Diagnose and fix network problems yourself

Networking

A recent and typical case of Linux network failure was the friend who rang up to say his "network had stopped". As error reports go, this is on a par with the classic Apollo 13 line "Houston, we've had a problem", though a little less life-threatening. Luckily, Linux has a goodly collection of network tools to help us figure out exactly what had gone wrong. (To eliminate any stress-inducing suspense, let me reveal that we eventually discovered that he had been disconnected by his ISP as a result of forgetting to renew his subscription.)

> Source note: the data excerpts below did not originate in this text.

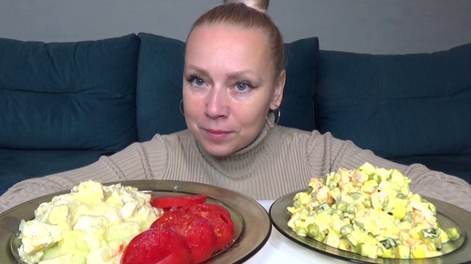 Салат Оливье с солеными огурцами. Картофельное пюре с тушеной курицей.Еда.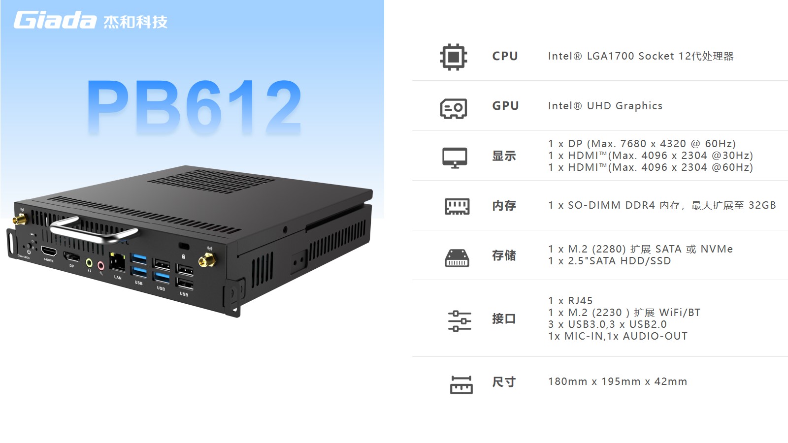 PB612是一種計算模塊插件,可用于為平板顯示器增加計算能力。PB612采用intel12代Alder Lake-S平臺處理器,可以滿足更強性能的需求,內存最大可擴容至32GB,更大內存容量及雙通道的性能加持,使得PB612可以流暢地打開運行更多的軟件,并且可實現8K視頻顯示,在課堂演示上可提高清晰度和視像傳輸效率。應用領域包括教育行業中的電子白板、教學交互智能平板、智慧電子黑板以及商業辦公中的會議平板/白板等。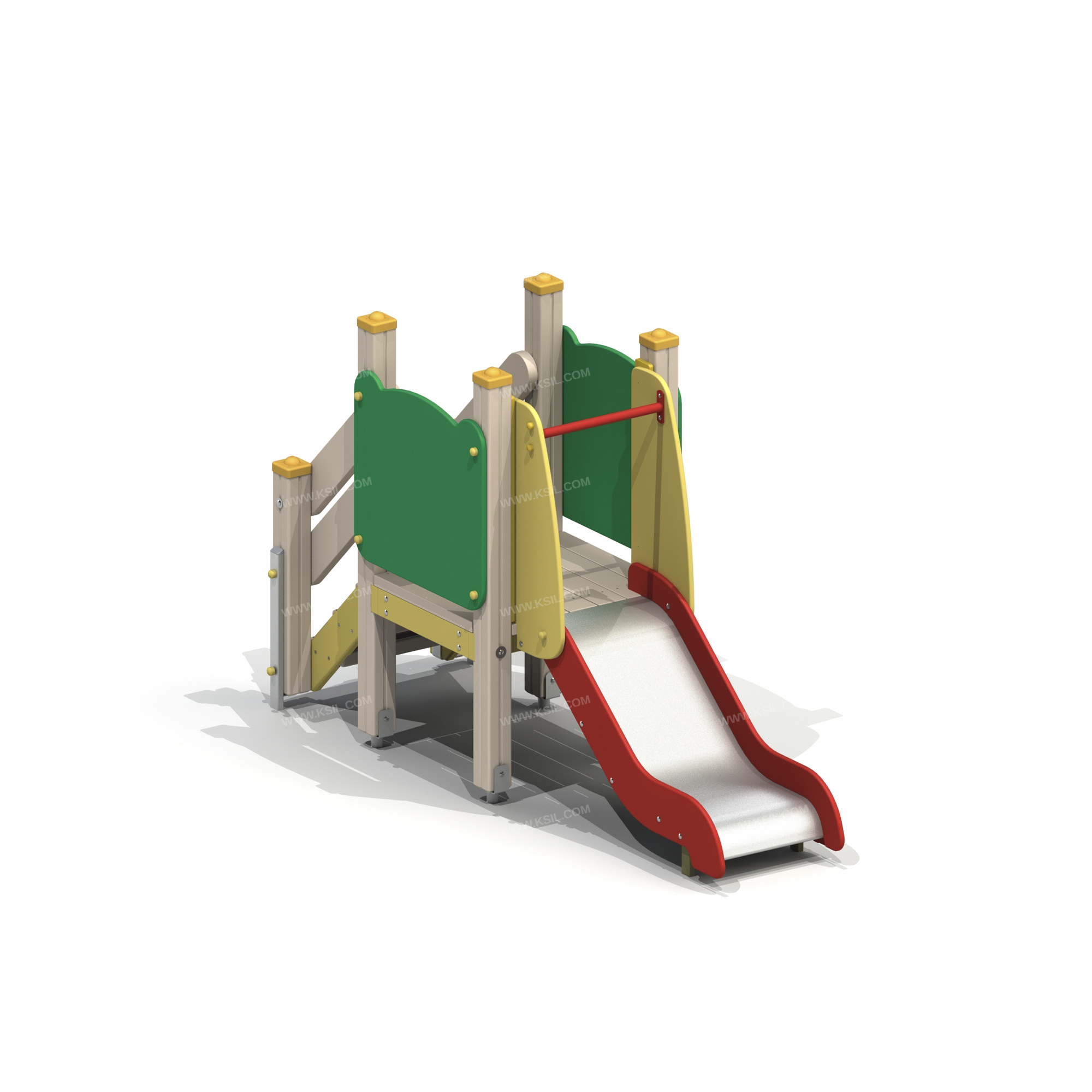 Детский игровой комплекс должен представлять собой модульную сборно-разборную конструкцию, состоящую из одной башни с горкой, лестницей и ограждениями.Несущие столбы комплекса должны быть выполнены из клееного деревянного бруса сечением не менее 100х100 мм и иметь скругленный профиль с канавкой посередине. Сверху столб должен заканчиваться пластиковой заглушкой, снизу столб должен заканчиваться металлическим оцинкованным подпятником диаметром не менее 42 мм, который бетонируется в землю.Пол башни должен быть выполнен из деревянной доски толщиной не менее 40 мм.Горка должна состоять из ската, бортиков, защитной секции и защитной перекладины. Горка должна иметь стартовый участок высотой не менее 650 мм, участок скольжения и конечный участок. Скат должен быть изготовлен из единого листа нержавеющей стали толщиной 1,5 мм, утопленный в паз бортиков горки. Бортики горки должны быть высотой не менее 100 мм. Защитная перекладина должна быть выполнена из металлической трубы диаметром не менее 33 мм, побуждающая ребенка присесть и установлена на высоте не менее 600 мм от уровня поверхности стартового участка горки. Защитная секция горки должна быть выполнена из влагостойкой фанеры толщиной не менее 21 мм. Ограждение башни с волнообразной верхней гранью должно быть выполнено из влагостойкой фанеры толщиной не менее 21 мм. Лестница высотой не менее 650 мм должна быть оснащена перилами, выполненные из деревянной доски толщиной не менее 40 мм. Перила должны быть установлены от первой ступени. Ступени лестниц должны быть выполнены из ламинированной противоскользящей влагостойкой фанеры толщиной не менее 15 мм и деревянной доски толщиной 40 мм, склеенных между собой. Расстояние между ступенями должно быть одинаковым.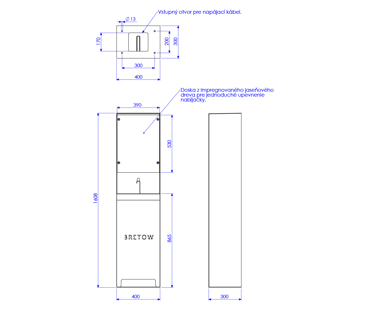 Skrinka z ocele nalakovaná kvalitnou a odolnou práškovou farbou. Doska na uchytenie nabíjačky je z impregnovaného odolného jaseňového dreva. Stojan je určený pre široký rozsah nabíjačiek do rozmerov 300x500x250mm. Montáž stojanu sa vykonáva uchytením do pevného podkladu oceľovými kotvami ktoré sú súčasťou balenia. Prívod elektrickej energie ku stojanu sa vedie otvorom odspodu stojanu.Vyrobené v EU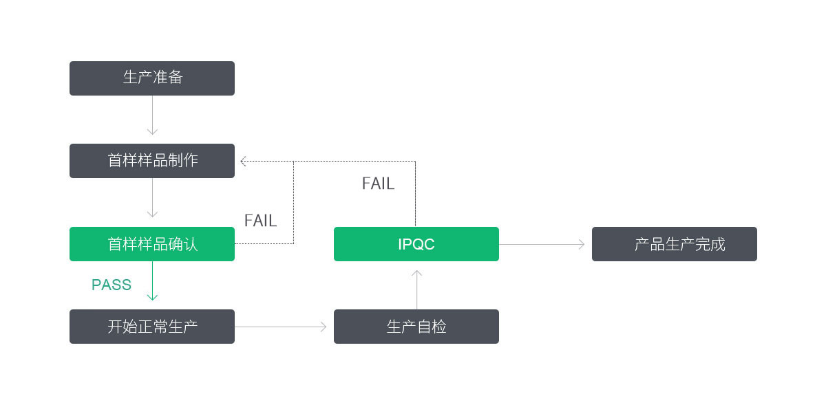 建立健全的質(zhì)量管理制度,針對生產(chǎn)加工控制過程建立來料檢驗(yàn)(IQC),過程檢驗(yàn)(IPQC),終檢(FQC),出貨檢驗(yàn)(OQC)四個階段檢驗(yàn),全方位控制產(chǎn)品質(zhì)量。嚴(yán)格控制原材料質(zhì)量,嚴(yán)格執(zhí)行各工序的工藝參數(shù),嚴(yán)格執(zhí)行檢驗(yàn)過程,依據(jù)檢驗(yàn)規(guī)范及客戶要求等進(jìn)行有序管控,確保產(chǎn)品出貨質(zhì)量滿足客戶需求。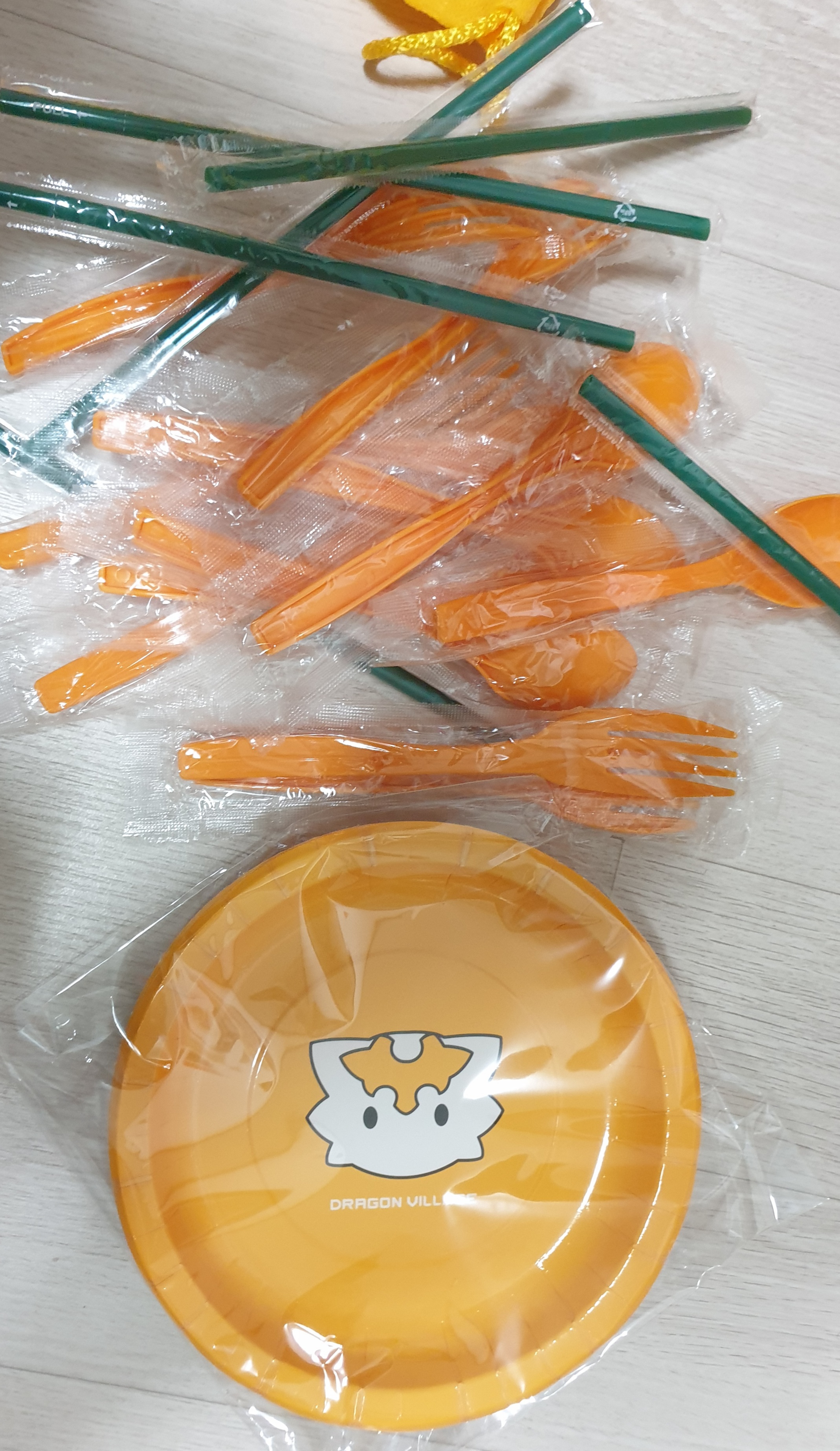 일회용 숟가락 포크 빨대 접시… 접시빼고는 어떠한 드빌이라는 표시도 없는…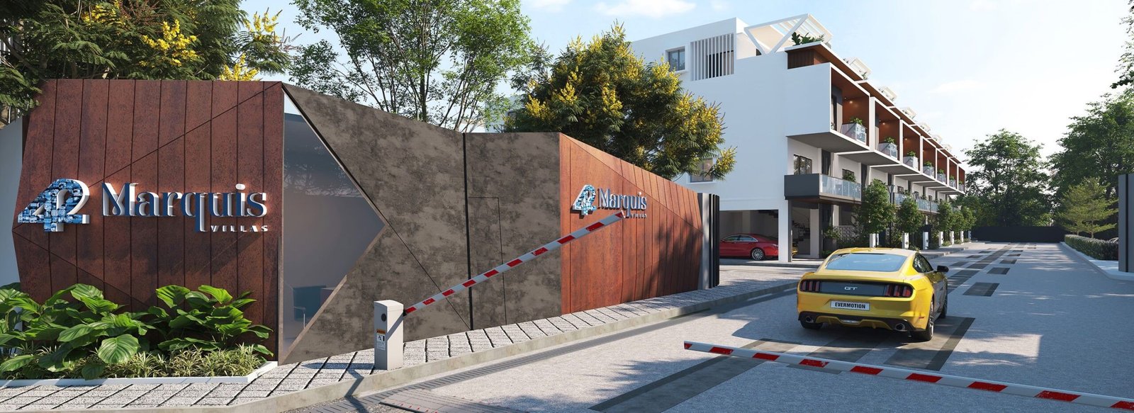 42 Marquis is a premium villa development by 42 Estates, strategically located off Sarjapur Road in Electronic City, Bangalore. Spread across 3.5 acres, the project offers 55 exclusive 4 BHK villas with spacious layouts ranging from 2444 to 3575 sq ft. Launched in June 2022, the project is scheduled for possession by December 2025 and is registered under RERA ID PRM/KA/RERA/1251/308/PR/220722/005095. Developed by 42 Estates—a global real estate firm known for its luxury and sustainability-focused residential and commercial projects across the US, Dubai, and India—42 Marquis is designed to offer refined living in a well-connected location. The project features high-end villas set amidst beautifully landscaped surroundings and comes with top-notch amenities, including a clubhouse with a multipurpose hall, gym, and squash court, a swimming pool, children’s play area, and round-the-clock security. With proximity to IT parks, reputed schools, hospitals, and shopping centers, it ensures both comfort and convenience for modern families.

So, follow along with us now as we review some of the network diagnostic tools in Linux and see how to use them to get answers to the question "what's wrong with my network?"

The most important thing, when you're trouble-shooting something, is to have some idea how it's supposed to work in the first place. Does your machine have a static IP address, and if so, what should it be? Does it use DHCP, and if so, where is the DHCP server, and what range of IP addresses is it expected to allocate? Do you have a broadband modem directly connected to your machine, or do you have a separate broadband router to which you connect via ethernet or wireless?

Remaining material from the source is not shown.